Emsatunews.co.id, Pemalang – Keputusan Dinas Sosial (Dinsos) Kabupaten Pemalang dalam menangani hasil razia penyakit masyarakat (pekat) kini menjadi sorotan tajam. Polemik muncul setelah adanya laporan bahwa seorang ibu menyusui dipisahkan dari bayinya selama proses pembinaan. Praktisi hukum dan tokoh masyarakat menilai tindakan ini sebagai pelanggaran hak asasi manusia (HAM) dan penyimpangan dari prosedur standar operasional (SOP).

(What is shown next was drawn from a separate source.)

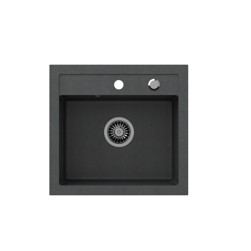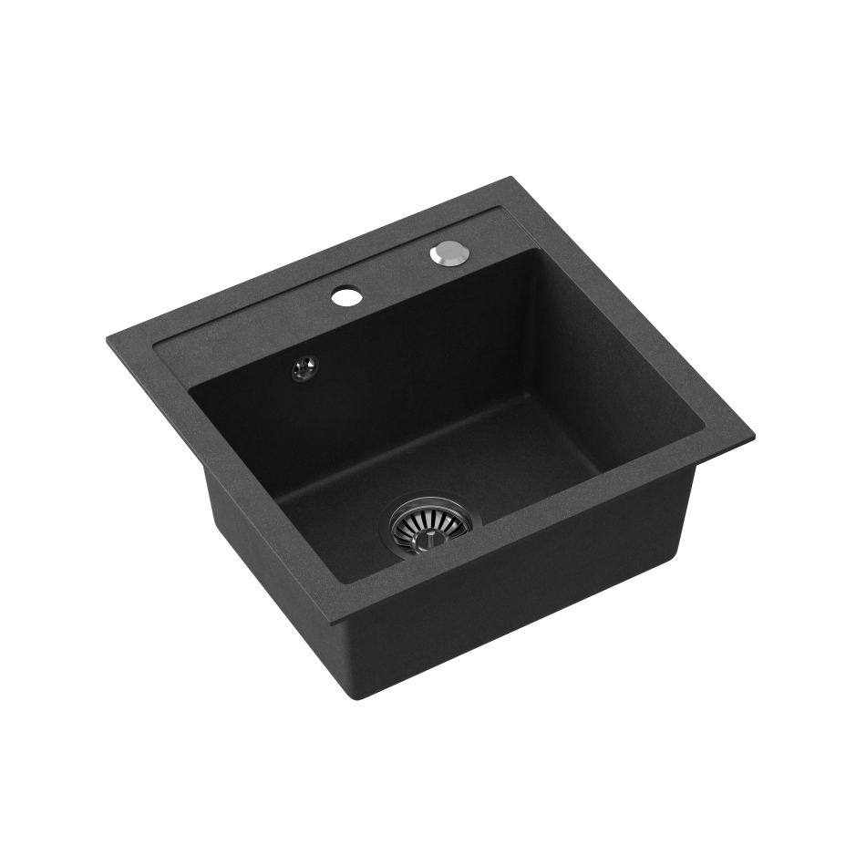 - Zlewozmywak granitowy czarny 50 x 47 cm, głębokość komory 18,5 cm

Pada Senin (20/10/2025), praktisi hukum DR (c) Imam Subiyanto, S.H., M.H., C.P.M., yang mendampingi keluarga korban, menyampaikan kritiknya secara lantang dalam rapat koordinasi bersama Dinsos.“Memisahkan ibu menyusui dari anaknya tanpa dasar hukum yang kuat adalah tindakan yang sangat tidak manusiawi,” ujar Imam Subiyanto. Ia menekankan bahwa meskipun mendukung kebijakan pemerintah, langkah pembinaan sosial tidak seharusnya dilakukan dengan ‘menyita hak alami seorang ibu terhadap bayinya’.

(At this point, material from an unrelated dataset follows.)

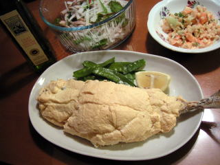 今日もお昼がちょっとヘビーだったので、夜は魚の気分だな~と思いながら買い物に出たら、あじが激安で売っていたので、即決一見手間がかかりそうに見えますが、お腹ににんにくとローズマリーを詰めた魚を、泡立てた卵白に粗塩をたっぷり加えた塩釜で包んでオーブン任せで焼くだけなので、焼き魚のようにじっと見張っている必要もなく、その間に他のおかずに取り掛かれます♪塩釜焼きというと、レシピに「塩1キロ」などと書いてあって、主婦感覚からするとちょっと躊躇してしまいますが、行正り香さんのだれか来る日のメニューのレシピでは、卵白を泡立てるというひと手間がありますが、塩がぐ~んと少なくて済むので、主婦としてはなんとなく安心感があります卵白4個分の泡立てはクィジナートを使ったので、今までの半分くらいの時間で済みました。塩釜焼きにするとしっとりと仕上がるので、子供にも食べやすいようです。オリーブオイルやおしょうゆ、レモン汁をかけていただきました。サラダはカリフラワーとむきえび、トマトをマヨネーズで和えたものと、ローストポークの残りを千切りにして、大根やベビーリーフと和えて、成城石井の玉葱ドレッシングで和えた、残り物リメイクサラダです(;^_^Aだれか来る日のメニュー

Berdasarkan pendalaman yang dilakukan, ditemukan sejumlah kejanggalan serius yang mengarah pada pelanggaran SOP, di antaranya: Tidak adanya asesmen sosial, medis, atau psikologis yang dilakukan sebelum pengiriman ibu tersebut ke panti rehabilitasi. Pemindahan dilakukan tanpa berita acara resmi dan tanpa izin tertulis dari pihak keluarga. Peserta pembinaan tidak mendapatkan pendampingan hukum maupun pendampingan sosial. Pihak berwenang tidak memberikan pemberitahuan resmi mengenai keberadaan ibu dan bayinya, sehingga keluarga kesulitan mencari.
“Ini bukan sekadar salah prosedur, tetapi sudah menyentuh ranah kemanusiaan. Seharusnya ada asesmen sosial dan psikologis terlebih dahulu, bukan langsung memindah tanpa persetujuan keluarga,” tegas Imam, yang juga menyoroti kebingungan keluarga korban akibat minimnya informasi dari Satpol PP maupun Dinsos.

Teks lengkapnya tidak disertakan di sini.